In fighting the LES proposal, Curran and other lawyers argued, among other things, that the LES proposal violated federal prohibitions against environmental racism. The term refers to the practice of siting objectionable facilities in minority communities.

"This plant was proposed to go smack in the middle of two very small, and very poor, African- American communities," Curran said.

Curran said she took a deposition from the man who prepared the site-selection study for LES. While the company had claimed it had selected the site based on scientific analysis, she said the man admitted under her questioning that he "eyeballed" the area and picked a spot with the poorest-looking homes.

Curran said an NRC panel of judges agreed with environmental justice argument, but said the NRC commissioners overturned all but a small portion of judges' ruling.

While the NRC didn't deny the company's application, its decision to send the application back for more work was apparently enough to convince the company to abandon its plans in Louisiana after several years in the permitting process.

Cohen, vice president of LES, strongly denied the company engages in environmental racism.
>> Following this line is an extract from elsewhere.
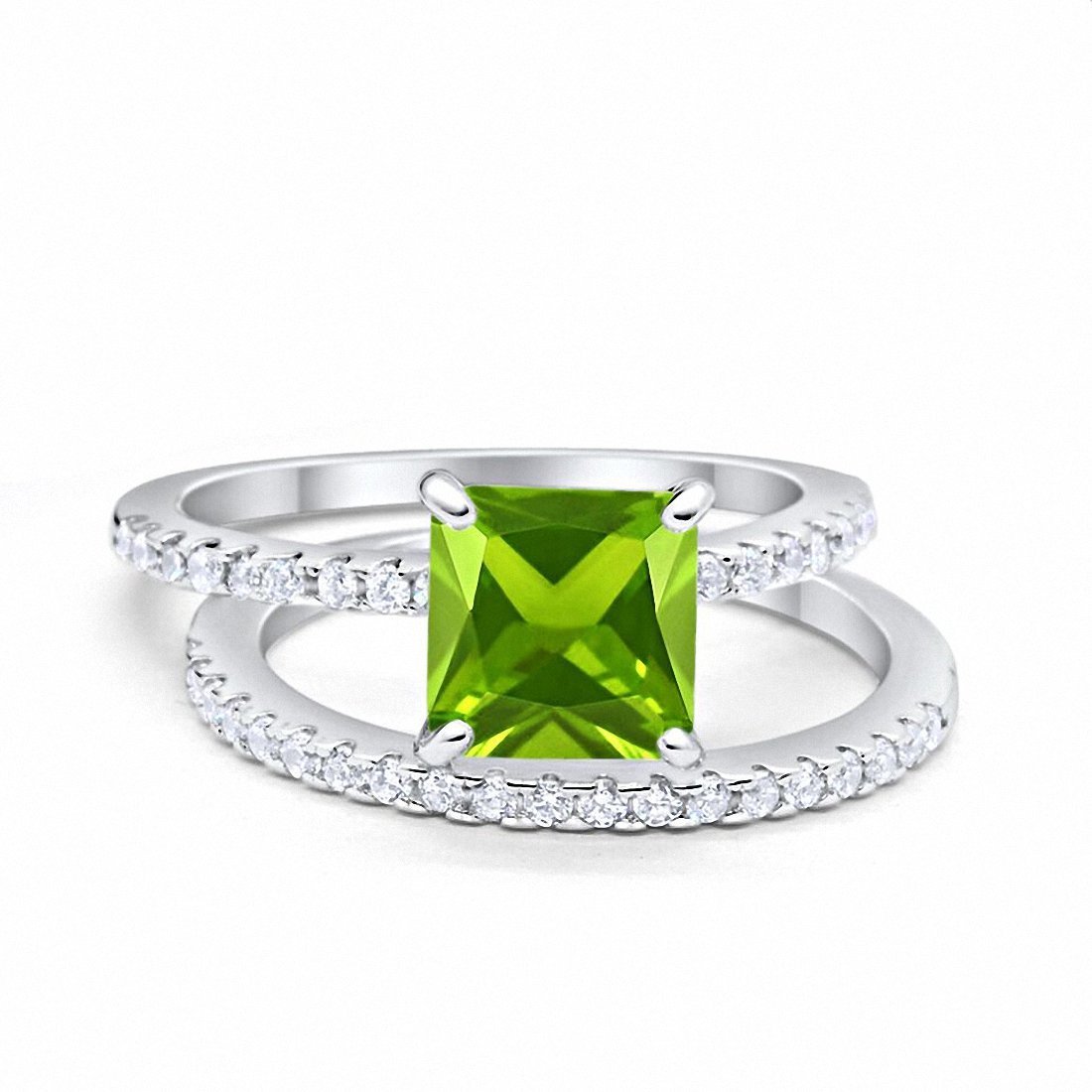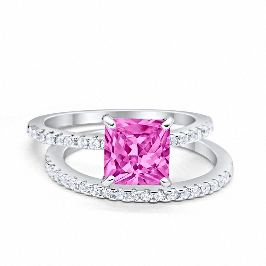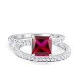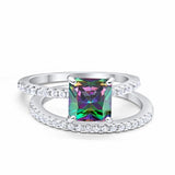 Two Piece Wedding Engagement Ring Band Asscher Cut Simulated Cubic Zirconia 925 Sterling Silver Choose Color

He said for anyone to suggest otherwise is an appalling and unjustified attack.

"They withdrew the application," Cohen said of LES's Louisiana application. "We were not turned down for the application."

Don Hancock, researcher with the Southwest Information and Research Center in Albuquerque, has been following LES's plans to operate in New Mexico.

He says New Mexicans should be asking the same questions about waste disposal that dogged the company in the South.

Before anybody believes LES's promises to dispose of its New Mexico waste outside the state, Hancock said they should insist the company produce a contract with a bonafide, existing waste- disposal plant that can take that waste.

"Anything short of that is not really an effective promise," Hancock said. "It's a promise that LES can't guarantee they can fulfill. And from a public standpoint, people shouldn't believe it, frankly."